The second credit came from a global reduction in the price of fuel in recent weeks. Due to the drop, PREPA’s estimated costs decreased by $69 million compared to the same point in 2021. Again, PREB decided to credit the amount to customers.
Lastly, PREPA notified PREB that Spanish company Naturgy, which supplies liquified natural gas (LNG) to the archipelago, would pay a penalty for lack of supply to the Costa Sur power plant during April to June 2022. PREB decided to credit more than $14 million to consumers for this penalty.
“The role of the Energy Bureay is to look out for public interest,” said the president of PREB, lawyer and engineer Edison Avilés Deliz, in a statement. “In exercising this function, the Bureau assures that the consumer is only charged for the real costs of producing, transmitting and distributing energy, not a cent less, not a cent more.”
The reduction in the price of electricity comes as a relief to Puerto Ricans, many of whom had been seeing their ever-increasing electricity bill over the last year and began wondering if they would have to start selectively using high-draw appliances, as LUMA Energy recommended on its website—or even worse, stop using electric fans and air conditioners in the middle of a very hot summer.
Most customers have seen their bills skyrocket in the last year, sometimes paying over $200 more than they did just two years ago.
Dos meses de diferencia.
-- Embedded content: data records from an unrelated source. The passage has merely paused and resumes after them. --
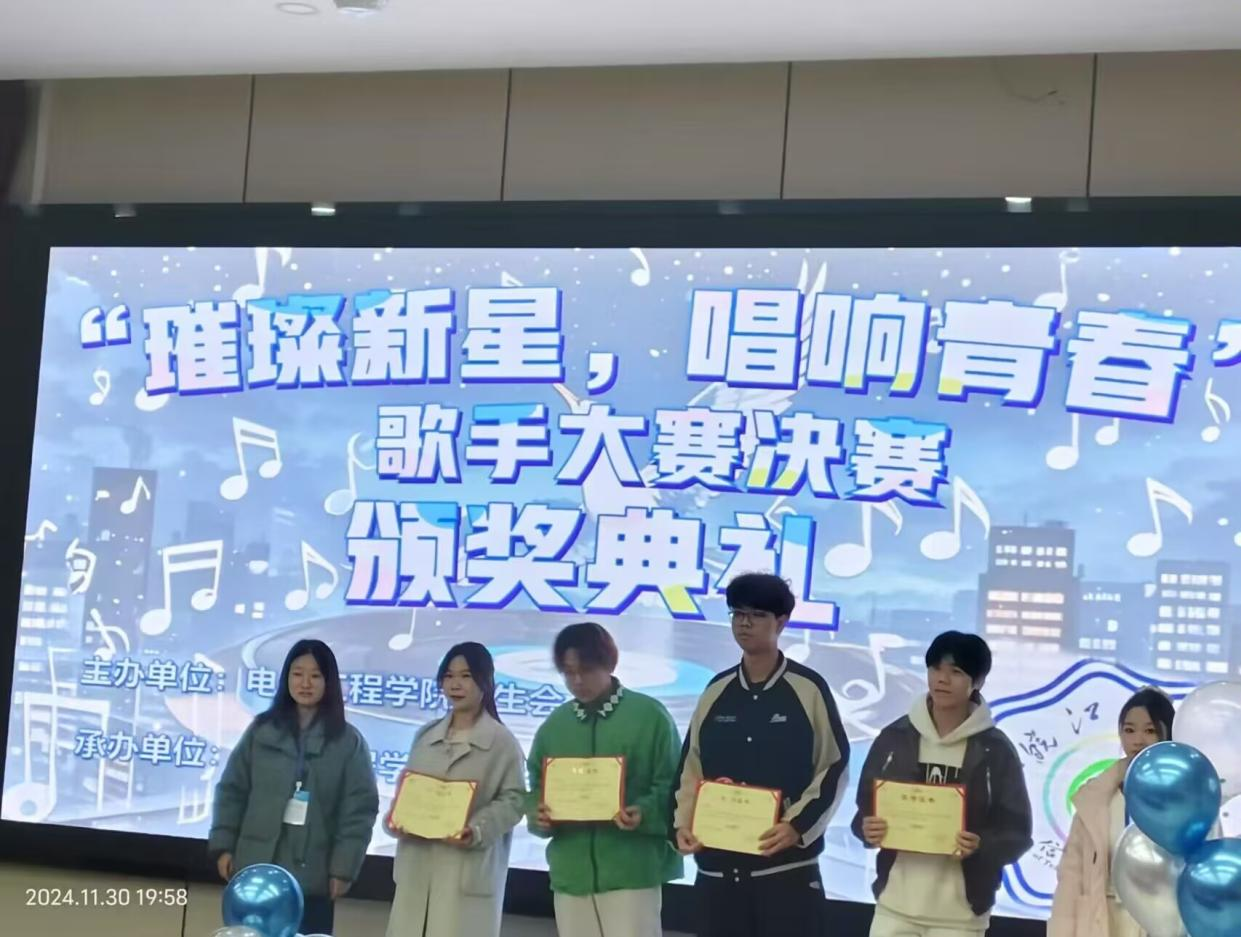 2024年11月30日,电信工程学院在新利体育在线官网首页登录入口图书馆报告厅成功举办了第六届"唱响青春"歌手大赛。本次大赛的评审团由电信工程学院2024级辅导员茆红、沐钊颖,学生会主席徐乐,以及学生会部长级干部共同组成。2024级的同学们积极参与和观看了本次比赛。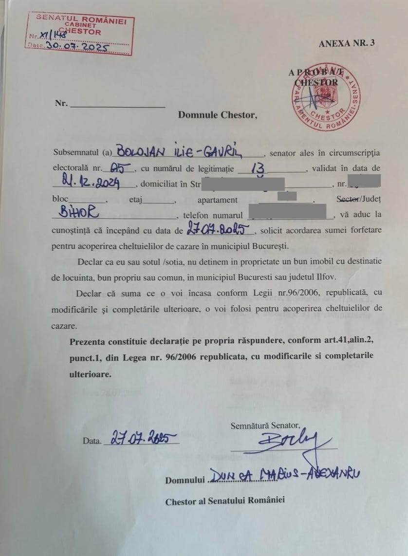 “O cerere care valorează cât suferința a 24 de tinere pe care Bolojan le-a condamnat la sărăcie prin măsurile de austeritate. Toate aceste femei plătesc asigurarea de sănătate în valoare egală cu suma forfetară pe care Bolojan o cere de la Senat pentru locuință.”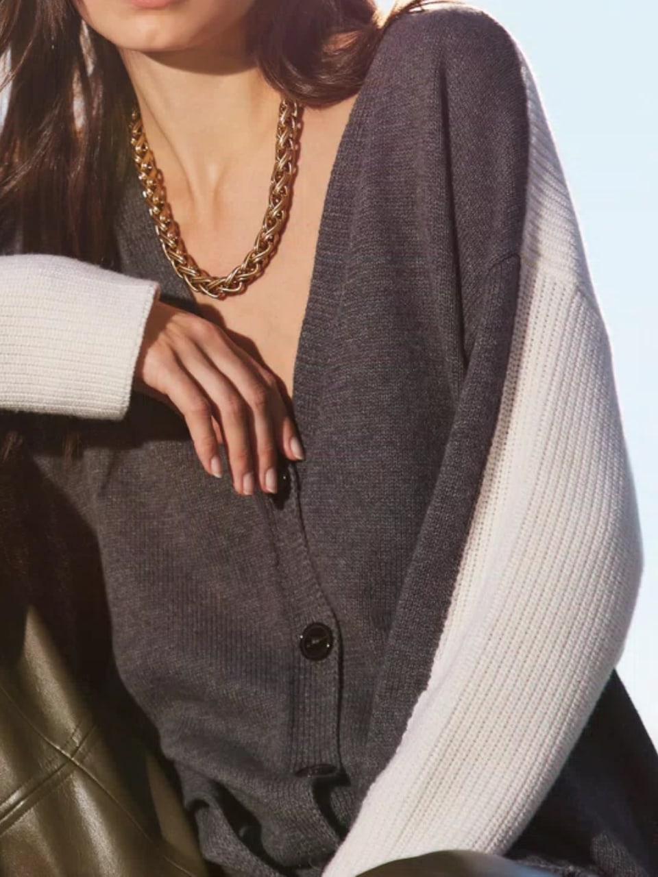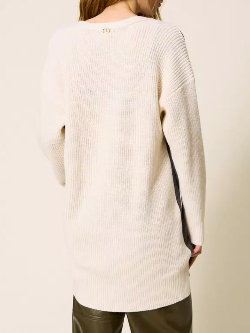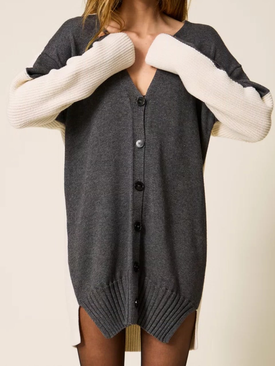 Twinset Cardigan lungo in misto lana Grigio Melange Bianco Neve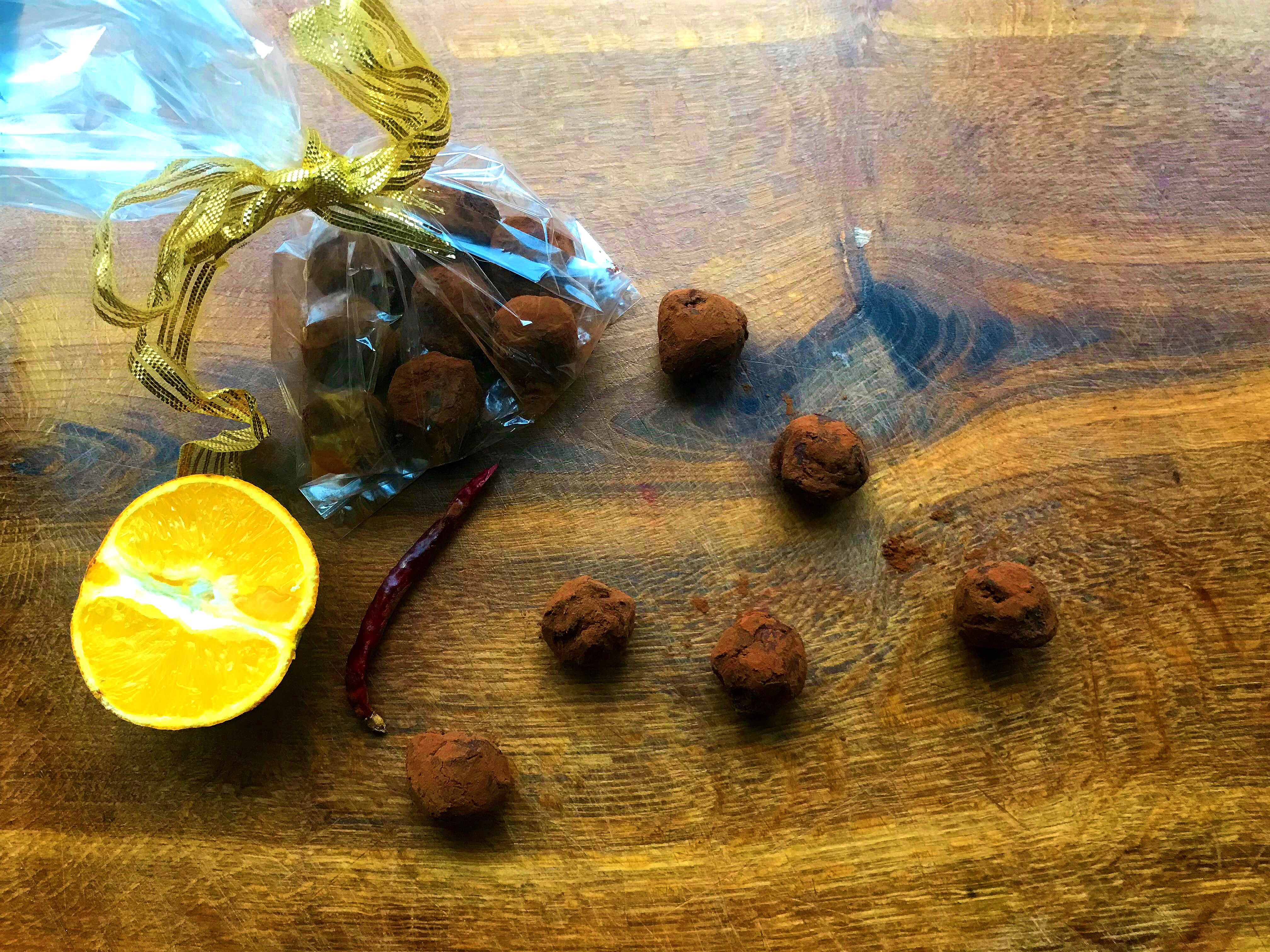 You can make these your own by omitting the chilli or cinnamon, swopping in rum or brandy for the orange juice, and coating in nuts or dessicated coconut instead of cocoa powder.

Nos están cobrando de $100-$200 en diferencia a cuando nos mudamos hace dos años.
A'lante, me cago en LUMA mil veces. pic.twitter.com/8vlk2G7iwp
— Alexandra-Marie defiende el derecho a decidir ? (@elcielodeabril) August 1, 2022
Since LUMA Energy, a consortium made up of the American Quanta Services and the Canadian ATCO, took over in June of 2021, there have been seven increases in the price of electricity and even more major blackouts.
A fire at a power plant in April left more than one million without electricity for five days, causing hospitals to rely on generators to care for their patients. On July 7, more than 38,000 customers were left without power when a so-far unknown system failure caused a plant to shut down.
In the midst of hurricane season, which runs from June to November, worrying about the next blackout has become a part of Puerto Ricans’ day-to-day lives.
Eight percent of Puerto Ricans’ income goes to electricity, almost four times the average that Americans pay across the United States, an Institute for Energy Economics and Financial Analysis (IEEFA) report noted. This disparity is particularly notable because the median household income for Puerto Ricans is $21,058 and 43 percent live below the poverty line. Meanwhile, the median household income for Americans is $67,521 and only 11.4 percent live below the poverty line, according to the U.S. Census.
Puerto Rico consumes about 27 times more energy than it produces. Petroleum accounts for two-thirds of the total energy use, natural gas accounts for one-fifth, coal for one-tenth, and renewables make up the rest. While geological studies have found possible crude oil deposits in a subsea formation on the south of the island, it remains untapped.
But what the island lacks in fossil fuels, it makes up in renewables with access to wind energy, solar power, and hydropower. Under the Puerto Rico Energy Public Policy Act, PREPA must obtain 40 percent of its electricity from renewables by 2025, a deadline less realistic every passing month as the agency has yet to move forward with many renewable energy projects.